Bütün bir yaz boyunca kızımın en çok zaman ayırdığı şey “oyun oynamak” oldu. Zaman zaman evde kendi başına, çoğunlukla bahçede arkadaşlarıyla, bazı günler de arkadaşlarının evinde oyunlar oynadı. Birlikte geçirdiğimiz zamanlar da oldu elbette. Birlikte geçirdiğimiz zamanlarda resim yaptık, projeler ürettik, beyin fırtınaları yaptık. Zaman zaman minik keşif gezileri de gerçekleştirdik. Öyle böyle derken de koca bir yaz tatilini geçirdik elbette.

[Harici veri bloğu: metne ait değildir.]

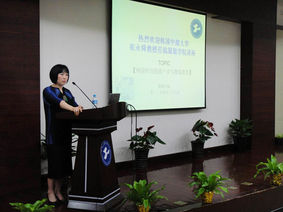 4月27日,服装学院邀请韩国中部大学崔永舜教授授课讲座,主题为“韩国时尚创意产业与服装教育”,服装学院副院长陈莹教授主持了本次讲座。服装设计专业相关系主任、教师、研究生及本科生积极参与了本次讲座活动。
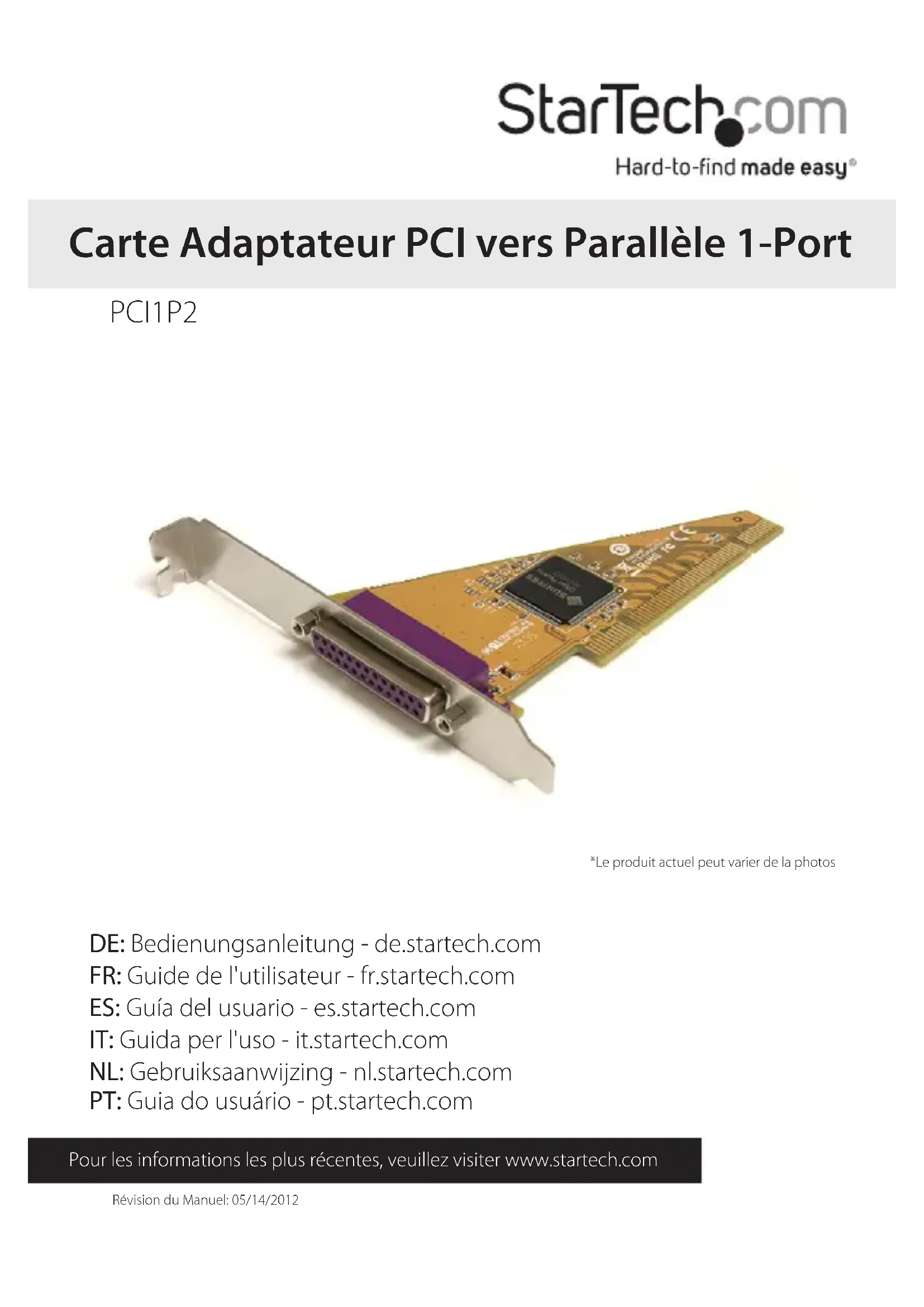 Révision du Manuel: 05/14/2012 Pour les informations les plus récentes, veuillez visiter www.startech.com DE: Bedienungsanleitung - de.startech.com FR: Guide de l'utilisateur - fr.startech.com ES: Guía del usuario - es.startech.com IT: Guida per l'uso - it.startech.com NL: Gebruiksaanwijzing - nl.startech.com PT: Guia do usuário - pt.startech.com PCI1P2 *Le produit actuel peut varier de la photos Carte Adaptateur PCI vers Parallèle 1-PortManuel d’Instruction Déclaration de conformité FCC Cet équipement a été testé et déclaré conforme en tant que dispositif numérique de classe B, conformément à la section 15 des règles FCC. Ces limites sont conçues pour fournir une protection raisonnable contre les interférences nuisibles dans une installation résidentielle. Cet équipement génère, utilise et peut émettre des fréquences radio et, s’il n’est pas installé et utilisé conformément aux instructions, il peut causer des interférences nuisibles aux communications radio. Cependant, il n’existe aucune garantie que des interférences ne se produiront pas dans une installation de type particulier. Si cet équipement provoque des interférences nuisibles à la réception de la radio ou de la télévision, pouvant être vérié en mettant l’équipement hors tension, l’utilisateur est encouragé à essayer de corriger l’interférence par une ou plusieurs des mesures suivantes:
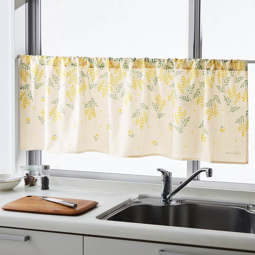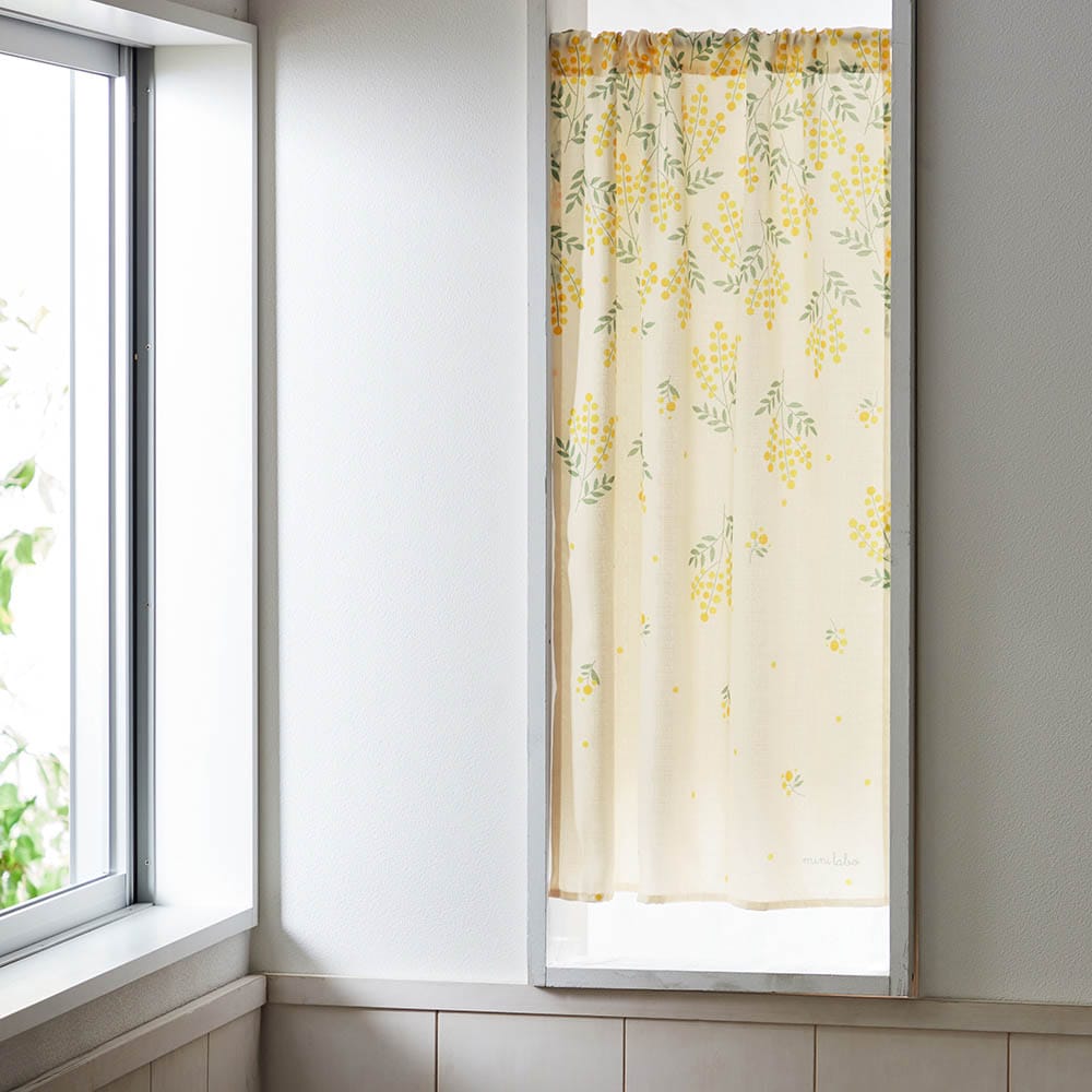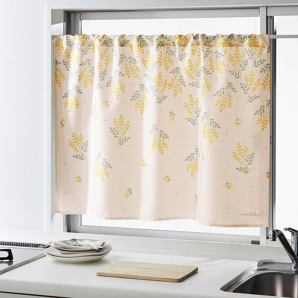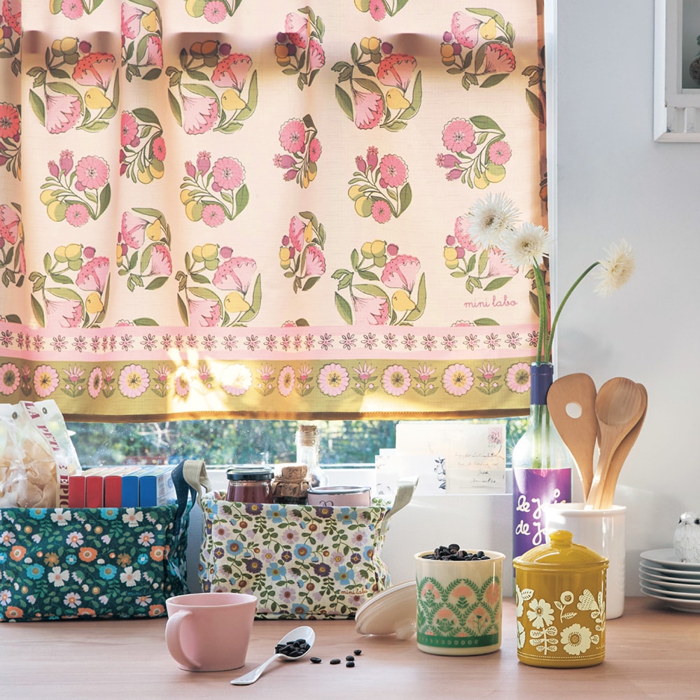 落ち着いたカフェカーテンから今回購入したミニラボのカフェカーテンに替えたら、パッと華やかになって気分も上がりました。

Kitap okuduğu zamanlar da oldu ama benim kadar çok değil. Bu konuyu bir uyku öncesi sohbetinde konuştuğumuzda, bazı kitapları okumaktan hoşlanmadığını ve bundan sonra kitap seçimlerinde kendi okumak istediği kitapları almayı ve okumayı istediğini söyleyince hemfikir olup anlaştık. Geçen gün kendi seçtiği kitabı tam iki günde bitirdi ve benden serinin diğer kitaplarını da istedi. Yani anlaşmanın sonuçlarını hemen almaya başladık. 🙂

Ama elbetteki zaman akıyor, yaz mevsimini bugün itibari ile kapatıyoruz. Okulların açılmasına da yaklaşık iki hafta kaldı. Geçen gün eşimle birlikte kızımızı karşımıza aldık ve okul öncesi neler hissettiği, bir şeye ihtiyacı olup olmadığı ile ilgili bir sohbet yaptık. Kızım önce yüzünü ekşitti ve bir süre sessiz kaldı. Bu sessizlik aslında bir sıkıntısı olduğunu gösteren bir işaretti. Neden yüzünü ekşittiğini sorduğumuzda ise, “Anne ben çok korkuyorum” dedi. Doğrusu önce eşimle birlikte şaşırdık, çünkü normalde okula gittiği tüm günlerde hiçbir zaman yüzünü ekşitmez, korktuğunu söylemezdi ve güle oynaya giderdi. Hasta olduğunda ve okula gidemediği günlerde bile çok üzülürdü. Kendisini korkutan  şeyin ne olduğunu sorduğumuzda ise “Matematikten korkuyorum, yeni konuları ya anlayamazsam, problemleri çözemezsem” dedi. Ve “Ben Fen bilimlerini matematikten daha çok seviyorum” diye hemen ekledi. Fen Bilimleri dersini çok sevdiğini bana daha önce de söylemişti.

Fen bilimlerini çok sevebilirsin bu güzel bir şey. Ama bir dersten korkmak başka bir şey. Belki de aslında Matematiği de çok seviyorsun ama korkun sevgini engelliyordur.” dedim.

Biraz düşündü, “Evet aslında öyle galiba” dedi.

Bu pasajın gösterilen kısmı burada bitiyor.